Mountain Wheels: Customized Subaru Outback Wilderness ups the off-road capability

Cruising over Boreas Pass, Subaru’s new Wilderness edition of the Outback benefited from more road clearance, chunkier tires and lots of aesthetic tweaks. Photo by Andy Stonehouse / Mountain Wheels

In a world of a million Outbacks — and in Summit County, that is absolutely the case — do you want to slightly stand apart from the crowd, but still enjoy every ounce of Subaru-ness you can?

As a tribute to the growing number of folks I have seen who have actually gone out and lifted their Subarus so they can bolt on truck-worthy tires (good work, by the way), the ever-popular, iconoclastic Japanese brand has now done that for you, fresh off the showroom floor.

The new 2022 Subaru Outback Wilderness edition — part of what will be an entire range of Wilderness Subarus — adds a bit of lift and upgraded suspension, a range of aesthetic tweaks and just enough oddity to be a little bit more cool.

I had an Autumn Green Metallic-colored Outback Wilderness last week and took it over Boreas Pass, which I believed would be a good test of its Yokohama Geolandar all-terrain tires and its 9.5-inch ground clearance. It was priced at $39,965, which also included a full moonroof, the Starlink navigation package and reverse automatic braking.

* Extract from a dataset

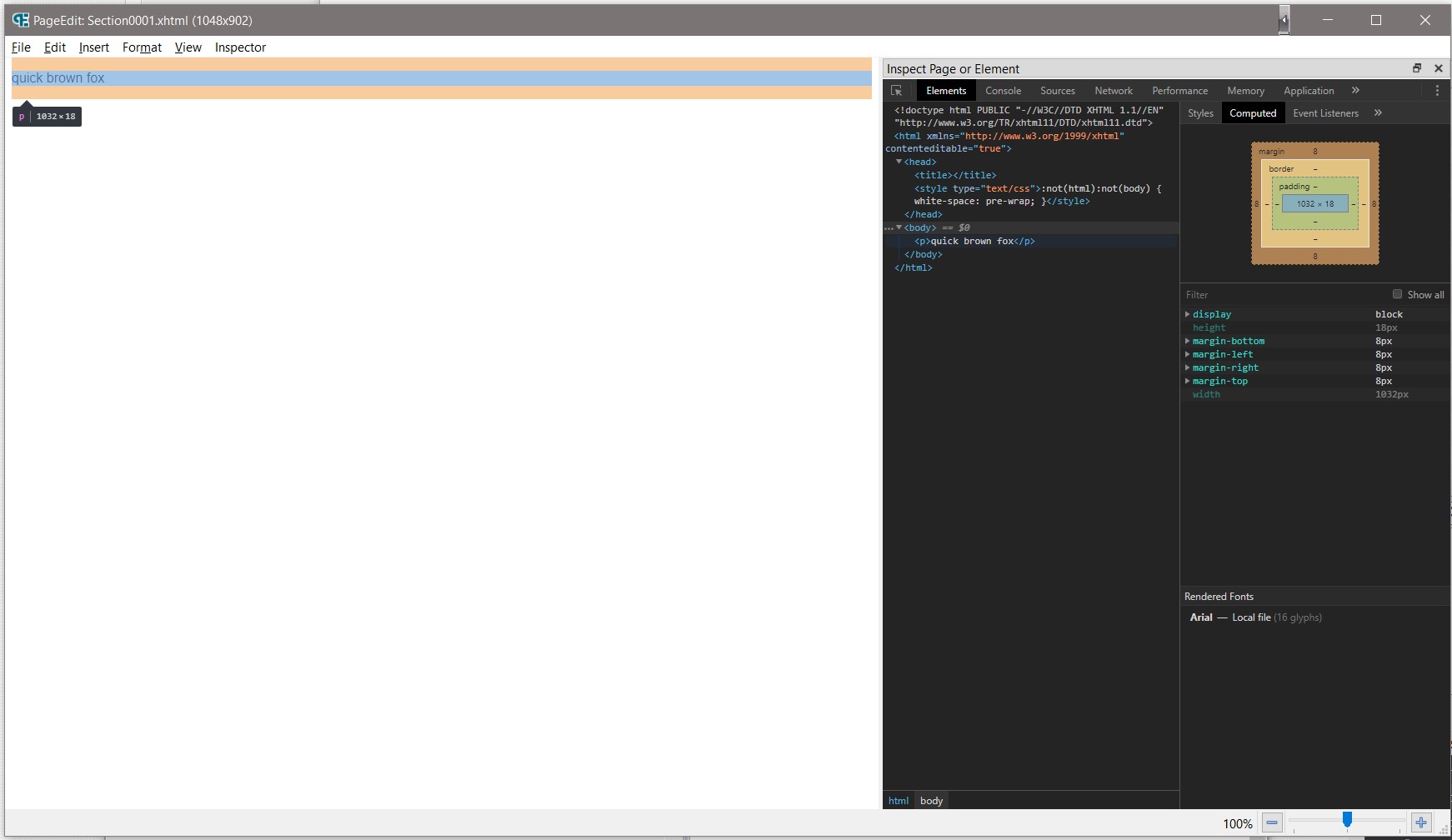 After persevering with clicking buttons (which you know I hate) and restarting (Sigil & Page Edit) I managed to enforce the Dark theme on the Inspector gadget in both - and it sticks in both Can you consider making the Inspector dockable in Sigil, or putting it back where it was - affixed to the Preview window. I don't like windows that I can't park somewhere. Attached is a screen shot of where I have it in Page View. I ought to mention why I tried the Dark theme. I was looking for a way to increase the Inspector's font size. When nothing leapt out at me I thought I'd try the Dark theme and…. But now I have it working, I do find it much easier to read. But it leaves the question - is there a way to increase the Inspector's font size. Where are the Inspector's Settings stored ? I have SIGIL_PREFS_DIR=C:\_AppData\Sigil\Prefs, could you add something to PageEdit to use that or a similar EnvVar. No urgency about any of that. BR Last edited by BetterRed; 07-23-2019 at 09:03 PM. Reason: replace screenshot |

Like the current regular Outback, the Wilderness comes with a more-than-capable 2.4-liter turbocharged boxer engine putting out 260 horsepower, which allows you to cruise very capably as you bonk along uphill and still get as much as 26 mpg on the highway.

The X-Mode off-road system, which supplements the symmetrical all-wheel drive, is also a dual-function system that can be pinpointed for more technical stuff. There’s also a 180-degree front camera, allowing you to eyeball sketchy terrain, or more easily park at City Market.

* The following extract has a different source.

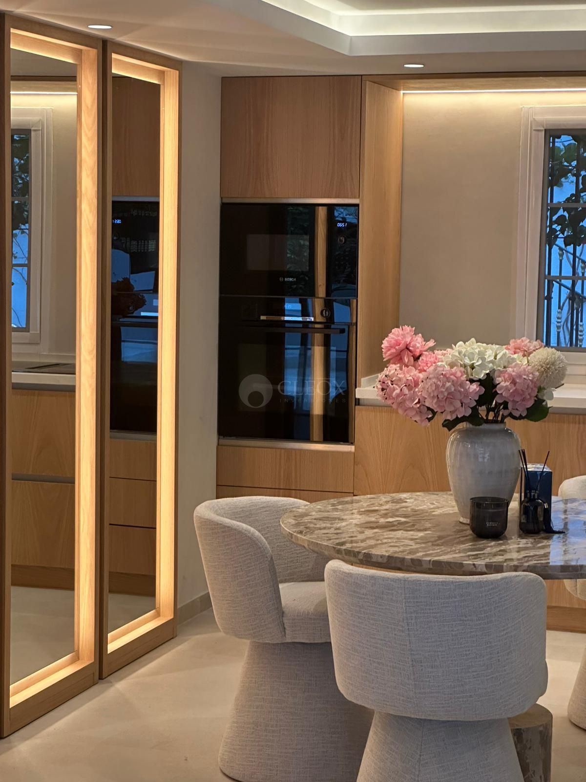 Fully renovated with a modern and functional design, the property is distributed across three levels and approximately 150 sqm. The main living area offers a bright open-plan layout where a contemporary kitchen flows seamlessly into the dining and living spaces—perfect for both everyday living and entertaining. Large doors open onto a generous private terrace with an outdoor kitchen, ideal for enjoying the Mediterranean lifestyle all year round.

The combined upgrades don’t quite put you into, say, 4Runner TRD Pro or Wrangler Rubicon territory, but it’s going to be enough of a boost — even psychologically — for most users. I opted not to try a Bronco-styled single-track experiment, as Outback is still a 191.3-inch-long, 108.1-inch wheelbase family automobile that weighs in at 3,896 pounds: Please send me photos of you doing so, however, as I think that’s what they hope you’ll try with the ruggeded-up machine.

To that end, there’s also a front skid plate, and the 0.8 inches of additional clearance mean that approach, departure and breakover angles have all gone up a few degrees for your own Moab slickrock adventures.

Perhaps the most functional parts of the upgrade are a cabin full of synthetic StarTex waterproof upholstery, meaning you can go directly from your pants-soaking Arkansas River rafting adventure or an unshowered weekend of trails in Fruita and … I guess just hose out the interior. Super-chunky floor mats and a full rear cabin mat tray also add to that versatility.

Like every Tacoma on the road today, the Wilderness has also been upgraded to a fixed, ladder-type roof rack that can handle 700 pounds of you and friends rooftop camping, or hold 220 pounds of gear while you head out to the campsite.

The most striking details about the Wilderness are the looks, which certainly individualize you in a sea of Outbacks — until that turns into a sea of Outback Wildernesses. It’s got a more rugged overall appeal with front bumpers that kind of remind me of those on the long-defunct Isuzu VehiCROSS (Google that one, as the visual is quite striking) and a unique grille, plus 17-inch matte alloy wheels. As per the darkened-out editions popular in other brands, the window frames, lower body trim and roof rails are all black, as well.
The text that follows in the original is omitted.